DATA SECTION.
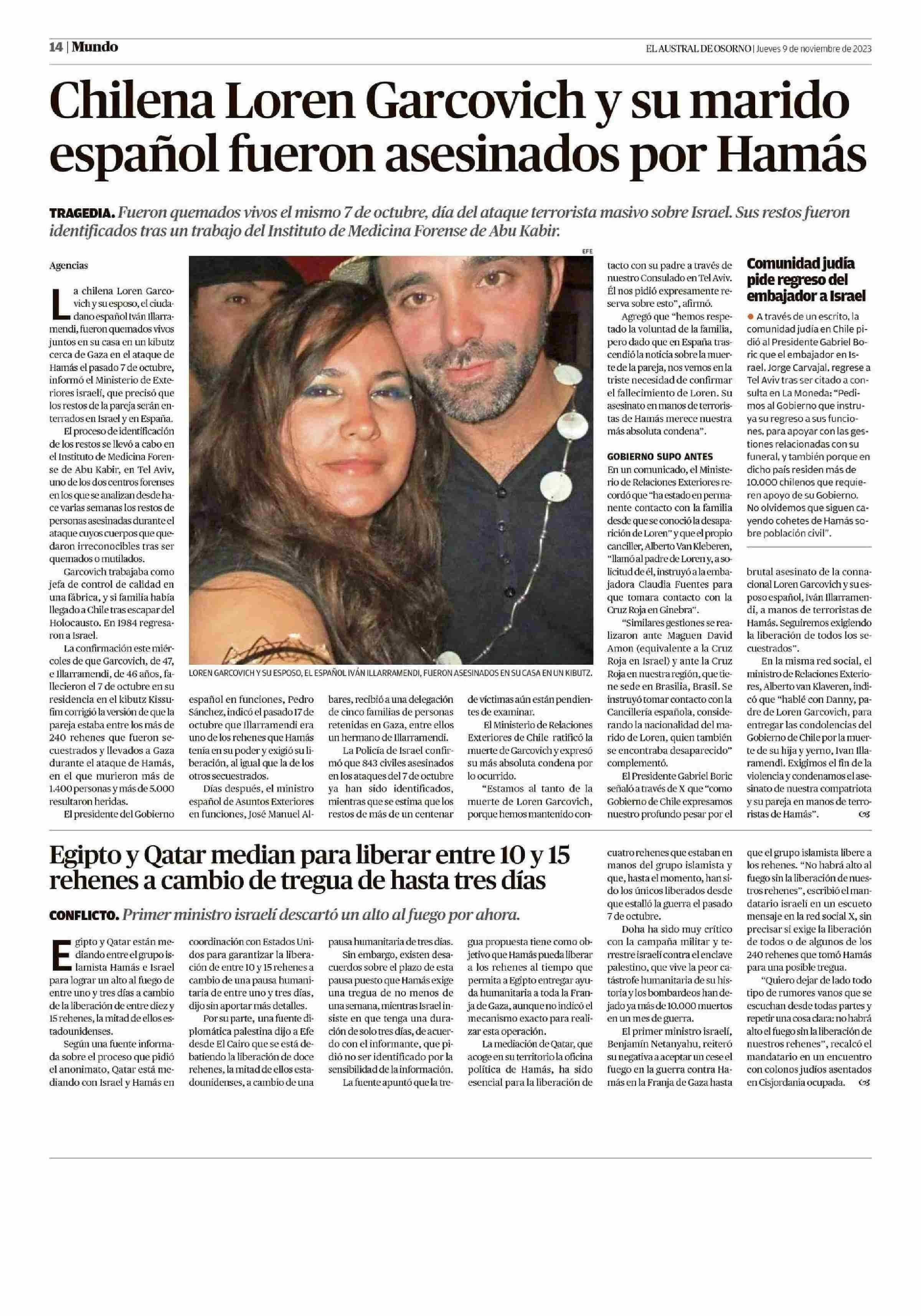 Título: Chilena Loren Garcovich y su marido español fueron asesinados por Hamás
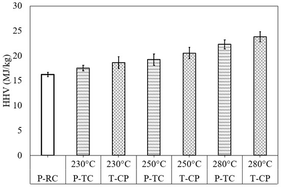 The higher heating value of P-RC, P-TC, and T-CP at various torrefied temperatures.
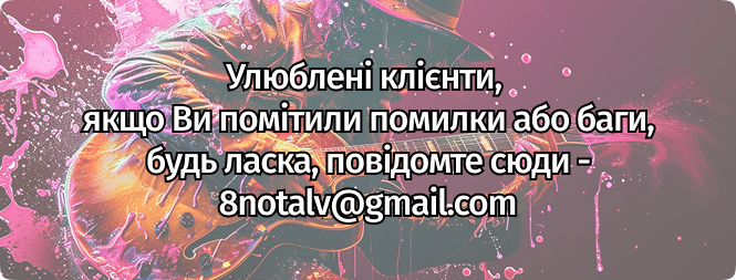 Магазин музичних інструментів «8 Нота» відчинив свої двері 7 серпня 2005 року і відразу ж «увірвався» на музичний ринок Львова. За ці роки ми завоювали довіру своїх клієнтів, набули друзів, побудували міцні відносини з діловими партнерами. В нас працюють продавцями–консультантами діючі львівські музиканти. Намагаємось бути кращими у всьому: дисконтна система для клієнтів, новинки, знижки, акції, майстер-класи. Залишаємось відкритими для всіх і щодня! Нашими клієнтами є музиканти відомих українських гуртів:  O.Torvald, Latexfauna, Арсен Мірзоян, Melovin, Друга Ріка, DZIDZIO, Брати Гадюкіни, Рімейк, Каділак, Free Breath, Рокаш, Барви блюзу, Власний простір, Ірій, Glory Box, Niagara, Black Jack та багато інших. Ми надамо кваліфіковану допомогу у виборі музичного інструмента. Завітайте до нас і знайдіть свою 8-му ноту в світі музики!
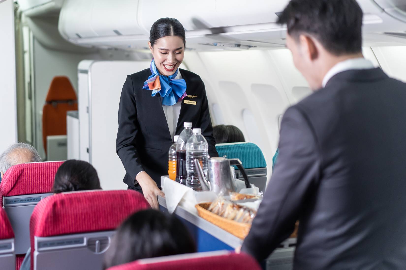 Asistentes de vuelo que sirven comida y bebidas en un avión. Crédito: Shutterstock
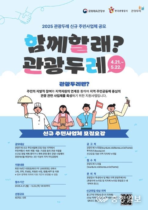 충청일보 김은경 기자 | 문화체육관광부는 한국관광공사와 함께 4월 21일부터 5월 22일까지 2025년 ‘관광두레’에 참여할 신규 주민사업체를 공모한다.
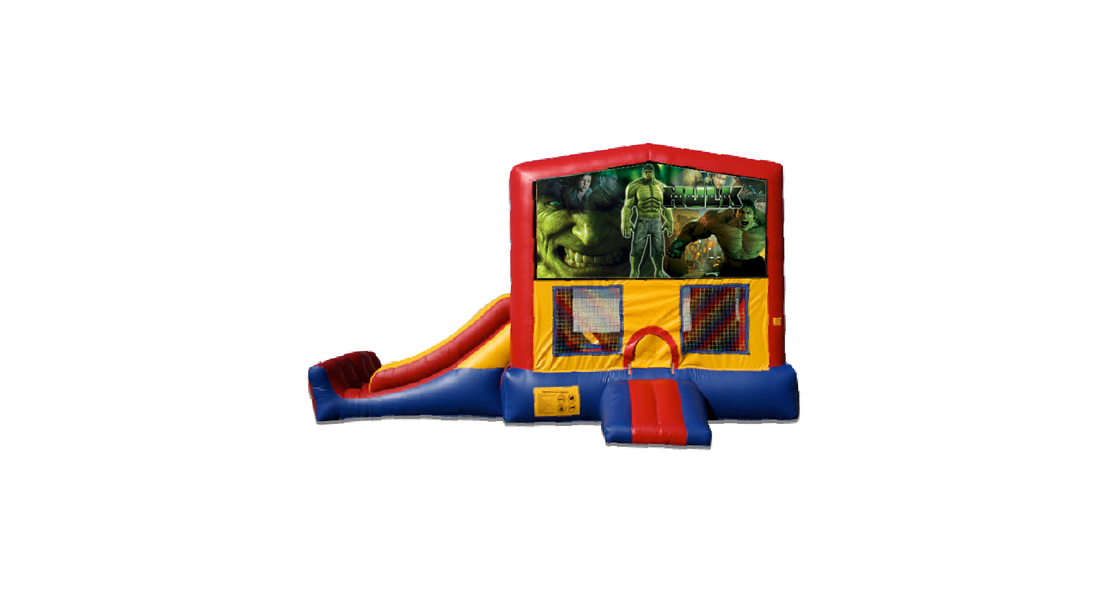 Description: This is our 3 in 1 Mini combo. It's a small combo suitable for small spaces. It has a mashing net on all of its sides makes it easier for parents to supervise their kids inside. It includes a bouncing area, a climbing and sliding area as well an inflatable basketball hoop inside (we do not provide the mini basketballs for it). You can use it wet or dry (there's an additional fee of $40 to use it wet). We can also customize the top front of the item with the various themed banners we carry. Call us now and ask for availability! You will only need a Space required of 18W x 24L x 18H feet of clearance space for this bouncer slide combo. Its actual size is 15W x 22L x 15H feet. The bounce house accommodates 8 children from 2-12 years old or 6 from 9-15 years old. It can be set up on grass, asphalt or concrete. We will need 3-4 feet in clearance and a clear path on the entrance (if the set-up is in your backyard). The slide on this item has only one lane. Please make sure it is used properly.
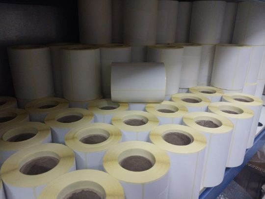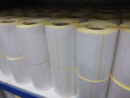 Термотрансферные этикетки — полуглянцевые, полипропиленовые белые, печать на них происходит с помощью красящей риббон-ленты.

EXERCISE DIRECTIONS. Please copy the lines above exactly, starting at the line that holds "Asistentes de vuelo" and ending at the line that holds "Description: This is"; include both, but no pictures.

SOLUTION.
 Asistentes de vuelo que sirven comida y bebidas en un avión. Crédito: Shutterstock
 충청일보 김은경 기자 | 문화체육관광부는 한국관광공사와 함께 4월 21일부터 5월 22일까지 2025년 ‘관광두레’에 참여할 신규 주민사업체를 공모한다.
 Description: This is our 3 in 1 Mini combo. It's a small combo suitable for small spaces. It has a mashing net on all of its sides makes it easier for parents to supervise their kids inside. It includes a bouncing area, a climbing and sliding area as well an inflatable basketball hoop inside (we do not provide the mini basketballs for it). You can use it wet or dry (there's an additional fee of $40 to use it wet). We can also customize the top front of the item with the various themed banners we carry. Call us now and ask for availability! You will only need a Space required of 18W x 24L x 18H feet of clearance space for this bouncer slide combo. Its actual size is 15W x 22L x 15H feet. The bounce house accommodates 8 children from 2-12 years old or 6 from 9-15 years old. It can be set up on grass, asphalt or concrete. We will need 3-4 feet in clearance and a clear path on the entrance (if the set-up is in your backyard). The slide on this item has only one lane. Please make sure it is used properly.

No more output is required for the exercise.